Les Pussy Riot, constitués d’un nombre variable de membres, ne sont donc pas seulement un groupe musical, mais un collectif d’art de la performancequi utilise le punk comme médium et langage pour critiquer la corruption politique, le régime de Vladimir Poutine et les rôles de genre traditionnels promus en Russie, où ils sont désormais considérés comme organisation hostile et subversive par les autorités locales. Dès le début, le collectif a choisi l’anonymat, cachant son visage derrière des accessoires aux couleurs vives et cagoule (cagoule) lors de représentations musicales ou de démonstrations. Pas tant pour se protéger des conséquences, mais pour souligner que le message est plus grand que les individus qui le portent.
Le racines culturelles du collectif ils s’enracinent dans deux traditions distinctes : celle anglo-saxonne du mouvement Grrrl anti-émeute, née dans les années 90 (la scène hardcore punk féministe aux États-Unis, liée à des groupes comme Bikini Kill et Sleater-Kinney), et celle de Filles de guérillale collectif d’activistes américaines qui dénoncent depuis 1985 le sexisme dans le monde de l’art à l’aide de masques de gorilles. Parmi les influences, celles de personnalités comme l’écrivaine féministe française ne manquent pas. Simone de Beauvoir et la théorie du « genre performatif » Judith Butlerselon lequel le genre n’est pas un fait figé, mais quelque chose qui est « agi » et construit par des actes répétés.

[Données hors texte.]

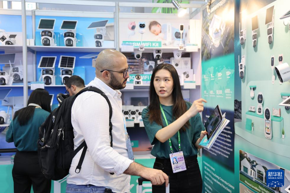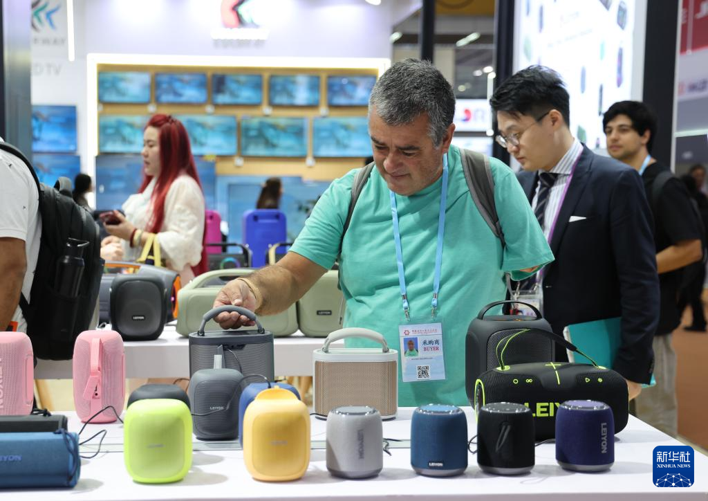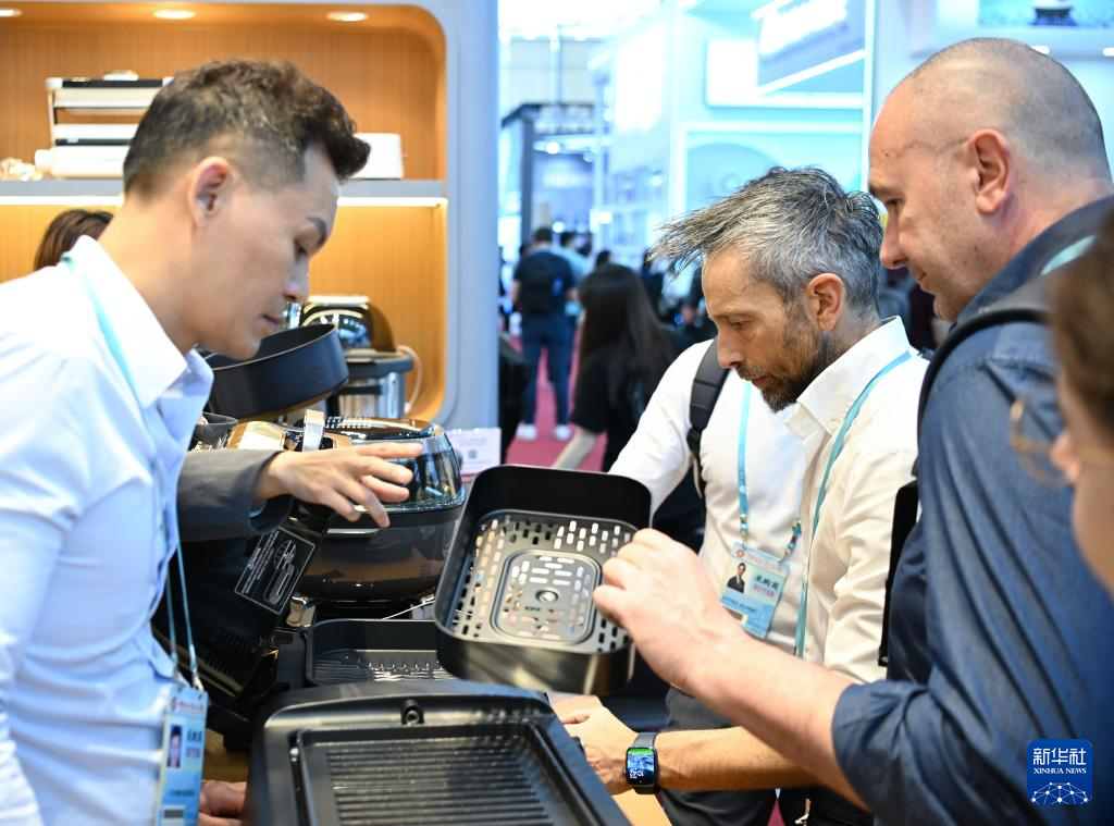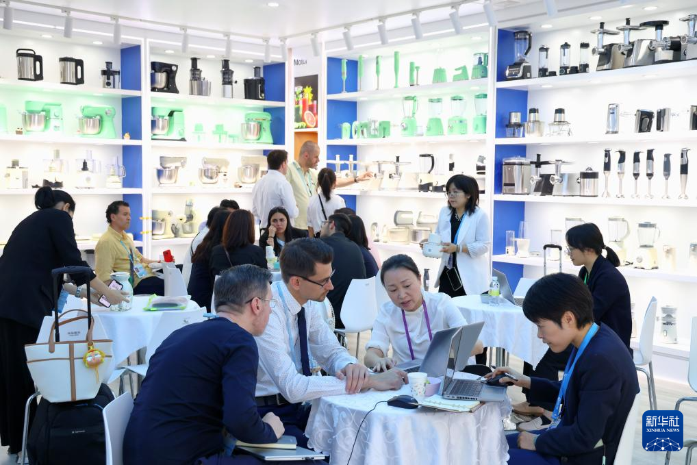 4月15日,一名境外采购商(中)在一家电器公司的展区洽谈选购。

Les actions les plus célèbres : de l’autel de la cathédrale du Christ-Sauveur à la Coupe du monde de football
Concernant la présence des Pussy Riot à Venise, le président du Conseil régional de Vénétie Luca Zaia, contacté par Tolokonnikova ces derniers jours, a déclaré «je pense qu’il y a un espace pour faire connaître leurs idées à la Biennale».
La méthode du collectif est cependant généralement la même : entrée non autorisée dans un espace public ou symboliquement chargé de mettre en scène performance de quelques minutes filmé en vidéo puis diffusé sur le web. Une formule qui, reproduite au fil du temps, lui a permis de construire une présence médiatique mondiale. Parmi leurs premiers blitz les plus connus, on trouve « Osvobodi bruscatku » (« Clear the Pavements », novembre 2011), dans lequel le groupe chante dans les transports publics de Moscou pour protester contre les élections législatives. Puis, en janvier 2012, une représentation sur la Place Rouge intitulée « Poutine s’est énervé ».

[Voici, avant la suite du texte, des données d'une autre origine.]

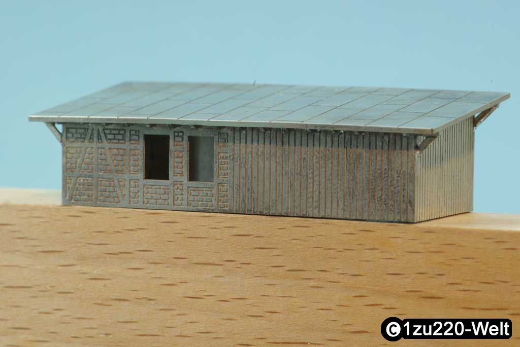 Anders als im Magazin habe ich das Modell jedoch nicht in Kunststoffbauweise und Handarbeit umgesetzt, sondern einen Ätzbausatz daraus gemacht. So können alle Strukturen fein und sauber nachgebildet werden. Bautechnisch stellte der Eingangsbereich zur Wartehalle die größte Herausforderung dar. Dort liegt das Fachwerk außen offen und musste in entsprechender Dicke ausgebildet werden. Dazu habe ich dort drei Schichten Blech verwendet. Die äußere Lage ist in die Grundwand integriert und zeigt nur die Balken des Fachwerks, die nächste Schicht beinhaltet zusätzlich die Fensterkreuze und mit Knicklinie versehen die Zwischenwand. Die dritte Schicht verschließt das Fachwerk von innen mit einer Bretterstruktur. Etwas aufwändig, aber nur so erhält man eine schöne Tiefenwirkung.

La performance la plus marquante a été celle de février 2012, au cours de laquelle cinq militants sont entrés dans la salle. Cathédrale du Christ Sauveur à Moscou (la plus grande église orthodoxe du monde) et sont montés jusqu’à l’autel, où ils ont organisé une « prière punk ». Lors de la représentation, qui a duré moins d’une minute avant d’être bloquée, ils ont demandé à la Vierge Marie de chasser Poutine, pour critiquer le lien entre l’État russe et l’Église orthodoxe. Les conséquences ont cependant duré beaucoup plus longtemps : Tolokonnikova, Aliokhina et Samutsevich ont été arrêtés et condamnés à deux ans de prison dans un camp de travail pour « hooliganisme motivé par la haine religieuse ».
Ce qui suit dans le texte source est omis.